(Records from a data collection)
***
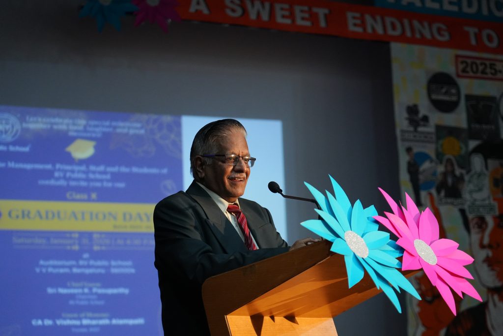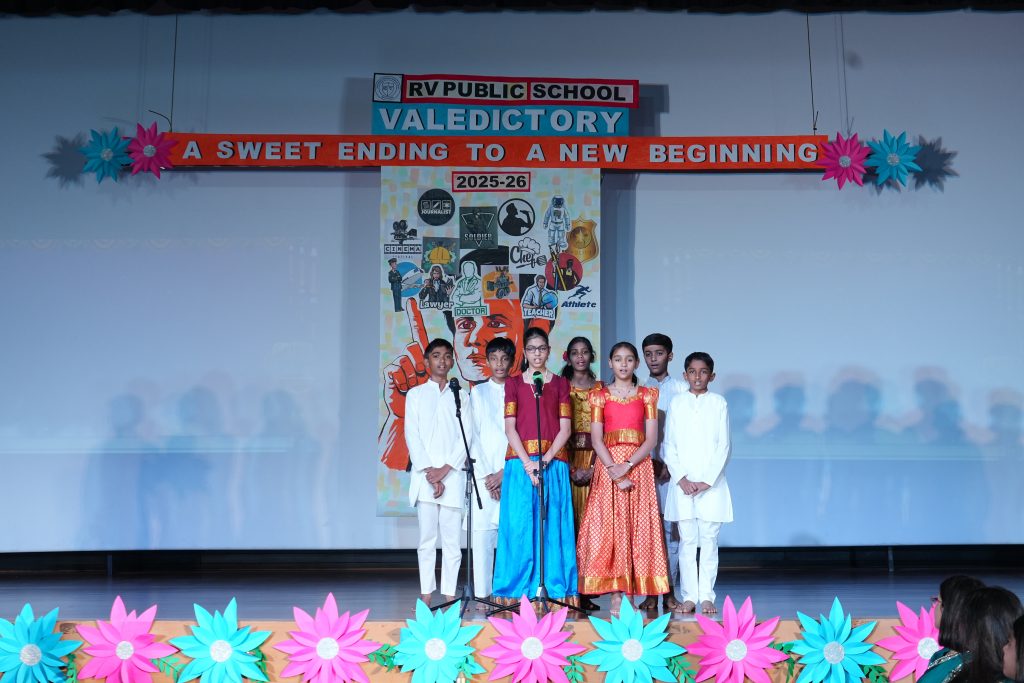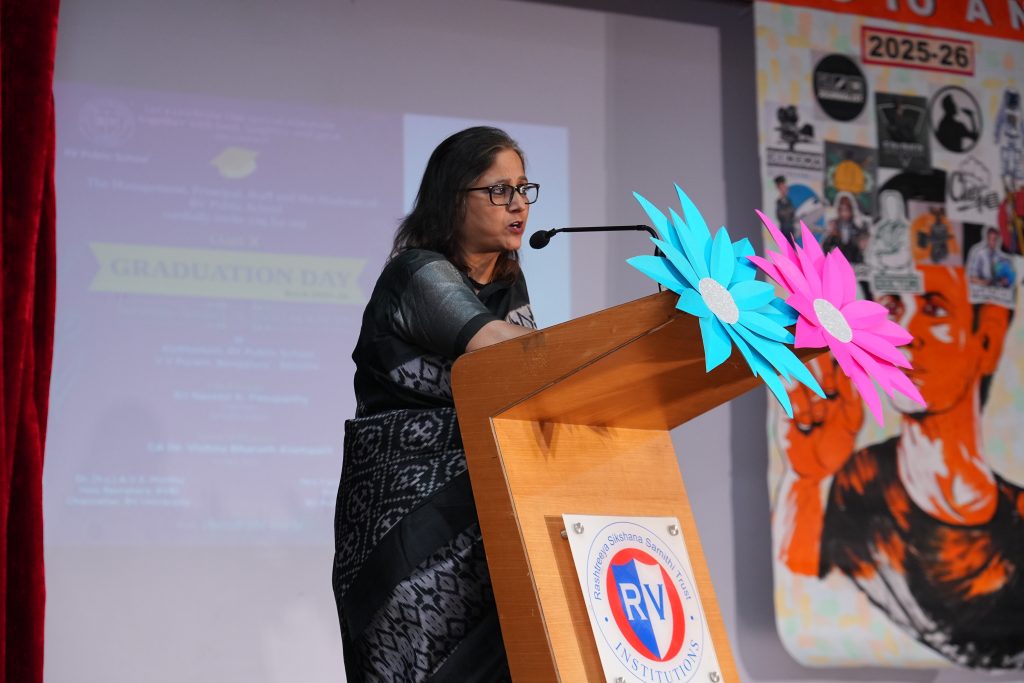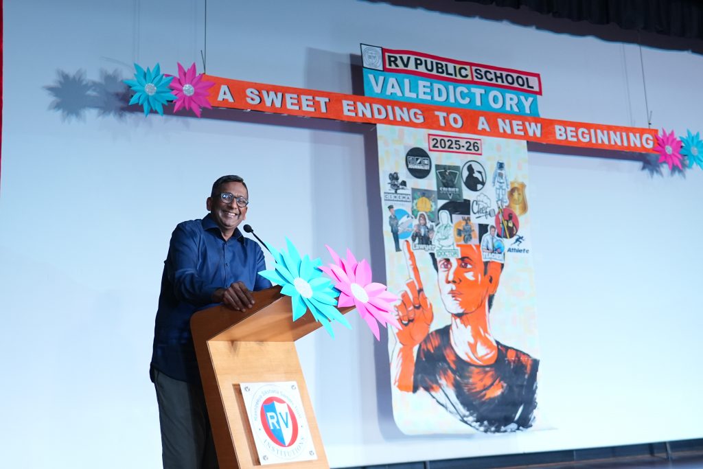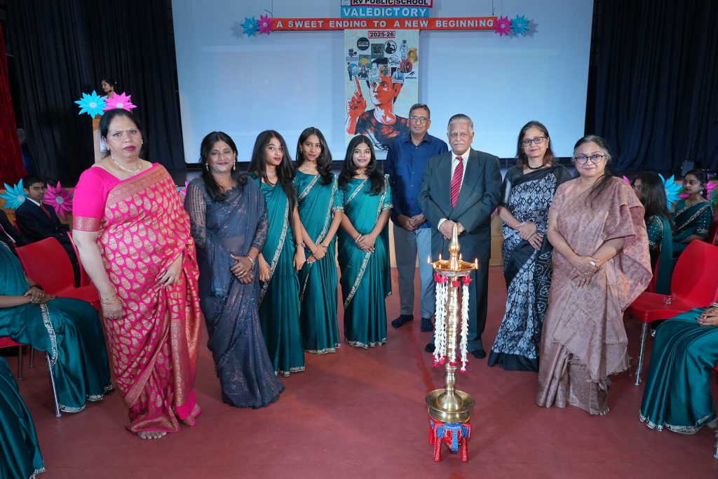 The programme was graced by Sri. Naveen K. Pasuparthy, Chairman, RV Public School, who presided as the Chief Guest. The school was also honoured by the presence of CA Dr. A. S. Vishnu Bharat, Trustee, RVEI, as the Guest of Honour, and Srimati Jyothi Menon, Advisor, RV Public School. Their presence added dignity and significance to the occasion.
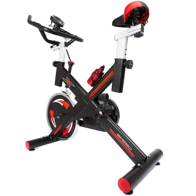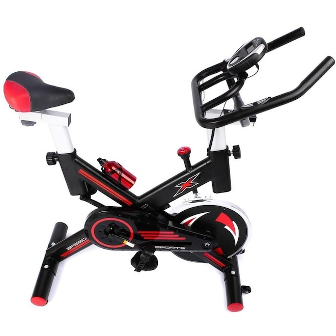 Treine com assento acolchoado, guidão emborrachado com diferentes tipos de pegada, ajuste na cinta de ajuste para os pés e sistema de regulagem para assento e guidão e suporte para água.
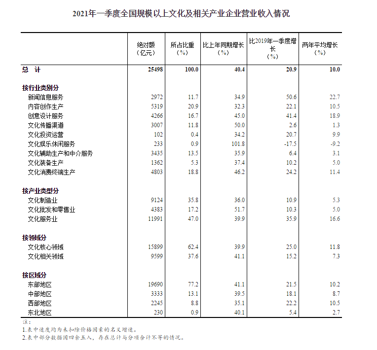 据对全国6.3万家规模以上文化及相关产业企业调查,2021年一季度,上述企业实现营业收入25498亿元,按可比口径计算,比上年同期增长40.4%;比2019年一季度增长20.9%,两年平均增长10.0%。
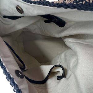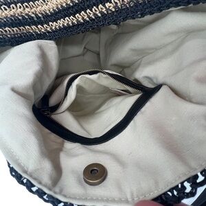 Lucky Brand Black Tan Geometric Woven Paper Bucket Bag Purse
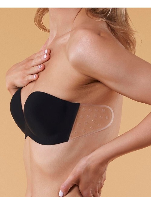 – Tai liemenėlė-bardotka su profiliuotais putplasčio kaušeliais, kurie puikiai laikysis ant krūtinės dėl sertifikuoto silikoninio lipnios dangos.
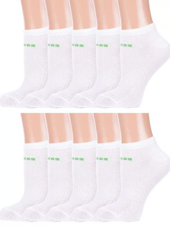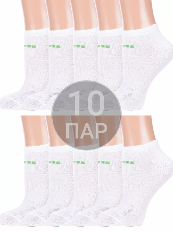 Комплект из 10 пар женских спортивных носков Альтаир, 10-А217, БЕЛЫЕ с зеленым
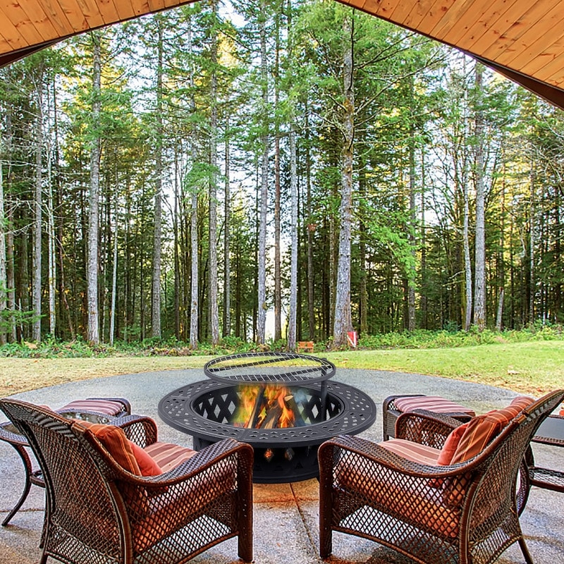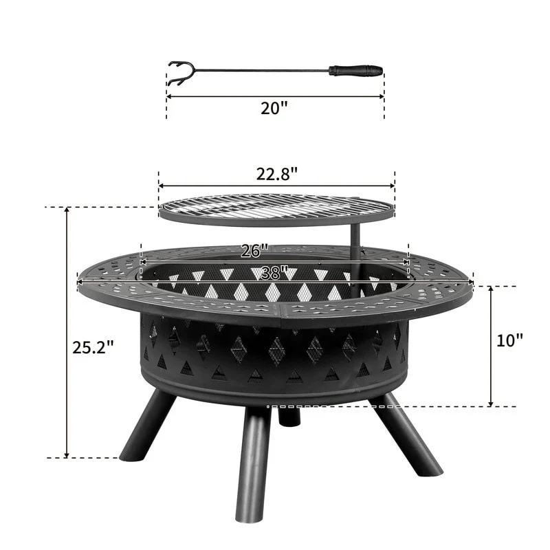 38"W x 25"H Round Iron Wood Burning Black Fire Pit Table with 20" Fire Poker - 38" W
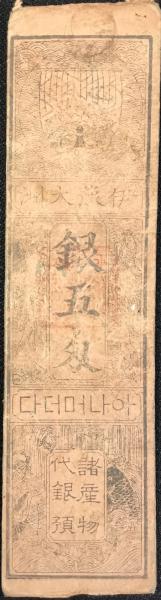 〈藩札〉伊予 大洲藩 銀五匁 慶応4年 修成館
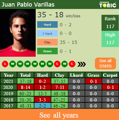 Juan has a composed 37-18 win-loss record in 2021, 37-15 on clay (See FULL STATS).
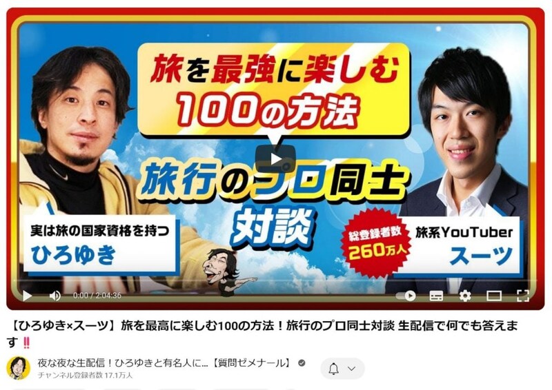【ひろゆき×スーツ】旅を最高に楽しむ100の方法!旅行のプロ同士対談 生配信で何でも答えます
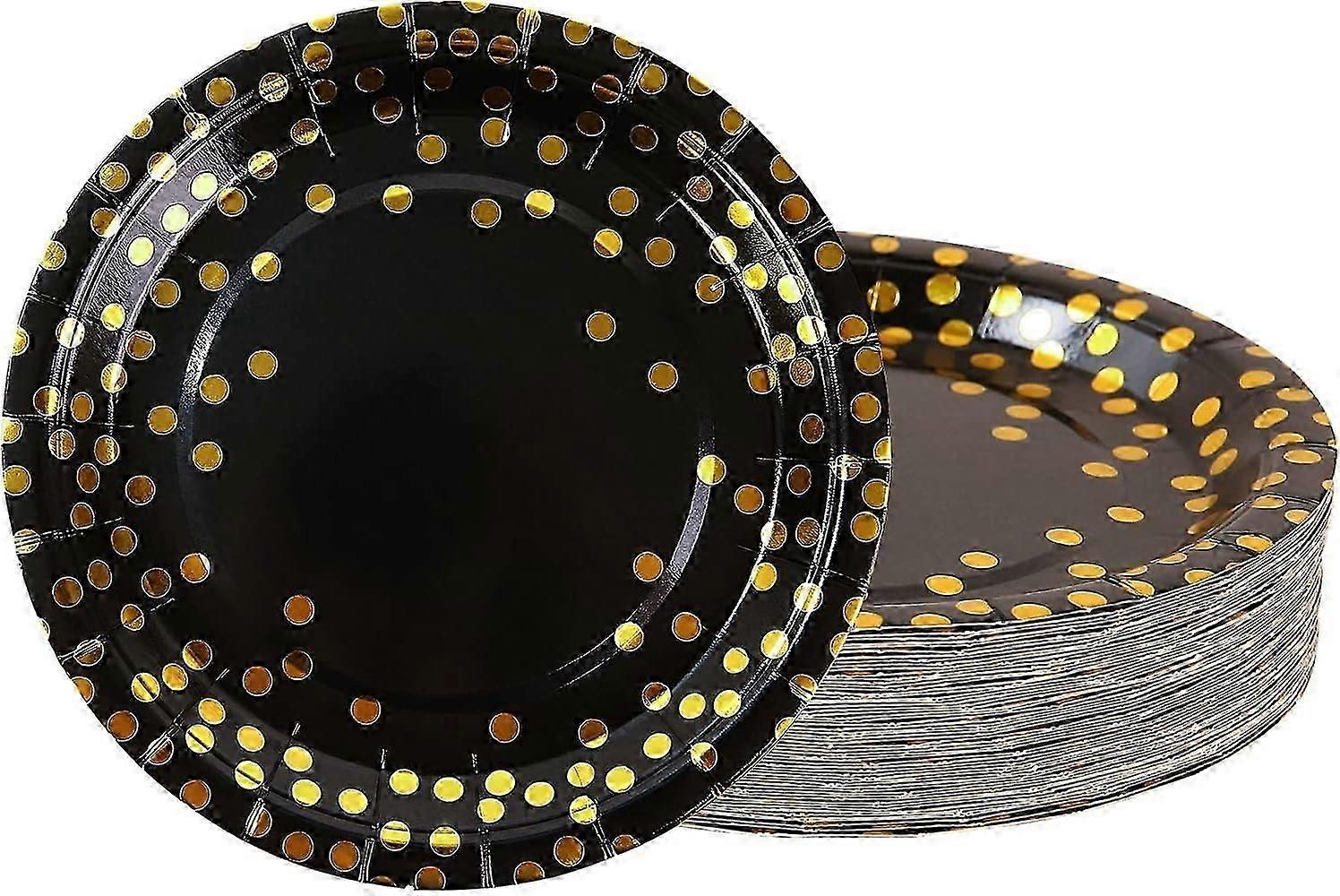 60 Pcs Paper Plates 7 Inch Party Plates Disposable Black and Gold Party Tableware Set for Anniversaries Christmas Shower Wedding
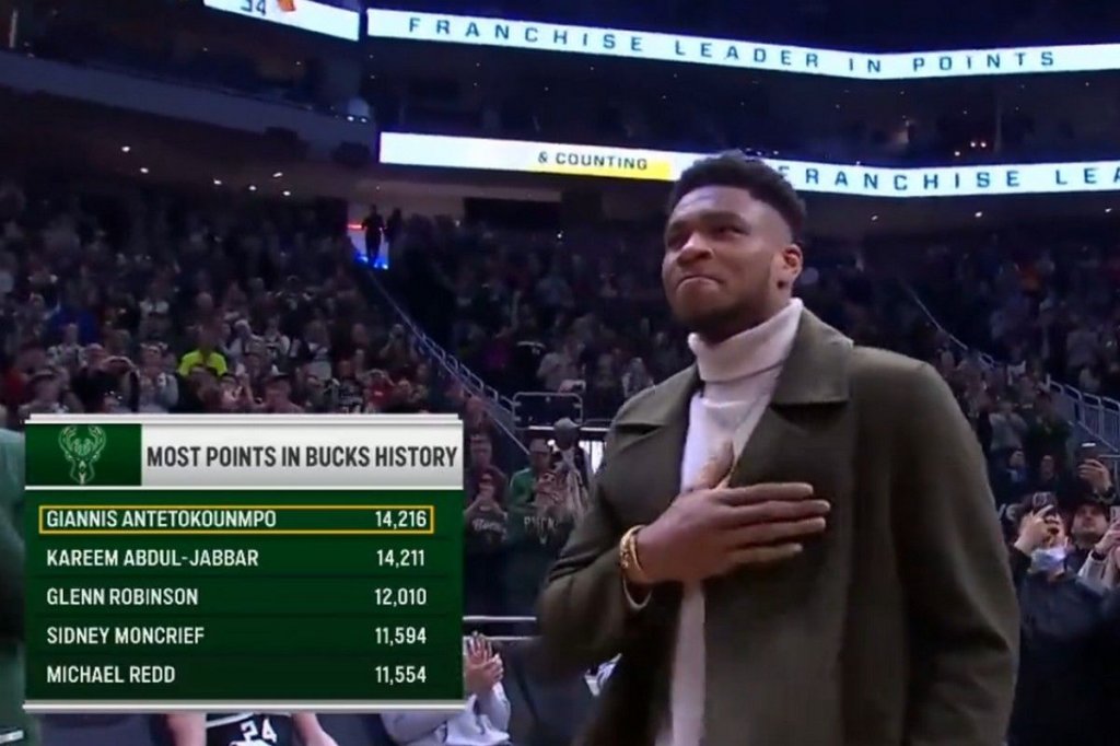 Οι φίλοι των Μπακς χάρισαν ένα συγκλονιστικό standing ovation στον Έλληνα φόργουορντ, για το γεγονός ότι ξεπέρασε τον Καρίμ Αμπντούλ-Τζαμπάρ και ανέβηκε στην 1η θέση των σκόρερ στην ιστορία των Μπακς, σε ένα σπουδαίο επίτευγμα.
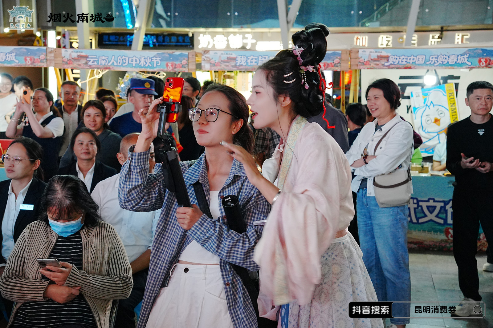 本次活动还邀请了春天礼、蟹江族、海集商贸、老俞花摊、菇得蘑您、青花汾酒体验中心、讲武文创、艾克3D打印潮玩体验店、小小马帮、BUYERS SHOP、晨曦文玩手作、山谷有柴、木易然手、S.n水晶手作、三个铃铛、醒室等文创精品、非遗手工、国货潮玩等企业参加,各家拿出都看家本领,引来游客和市民纷纷驻足,品尝口味丰富的滇式月饼中享受多元创新消费场景的购物新体验,并在精美的中秋氛围打卡点拍照留念。
***
— Work order —
Only the lines from the start of the records to the line with "silikoninio lipnios dangos." belong in the copy. Print them exactly, minus pictures.

— Response area —
 The programme was graced by Sri. Naveen K. Pasuparthy, Chairman, RV Public School, who presided as the Chief Guest. The school was also honoured by the presence of CA Dr. A. S. Vishnu Bharat, Trustee, RVEI, as the Guest of Honour, and Srimati Jyothi Menon, Advisor, RV Public School. Their presence added dignity and significance to the occasion.
 Treine com assento acolchoado, guidão emborrachado com diferentes tipos de pegada, ajuste na cinta de ajuste para os pés e sistema de regulagem para assento e guidão e suporte para água.
 据对全国6.3万家规模以上文化及相关产业企业调查,2021年一季度,上述企业实现营业收入25498亿元,按可比口径计算,比上年同期增长40.4%;比2019年一季度增长20.9%,两年平均增长10.0%。
 Lucky Brand Black Tan Geometric Woven Paper Bucket Bag Purse
 – Tai liemenėlė-bardotka su profiliuotais putplasčio kaušeliais, kurie puikiai laikysis ant krūtinės dėl sertifikuoto silikoninio lipnios dangos.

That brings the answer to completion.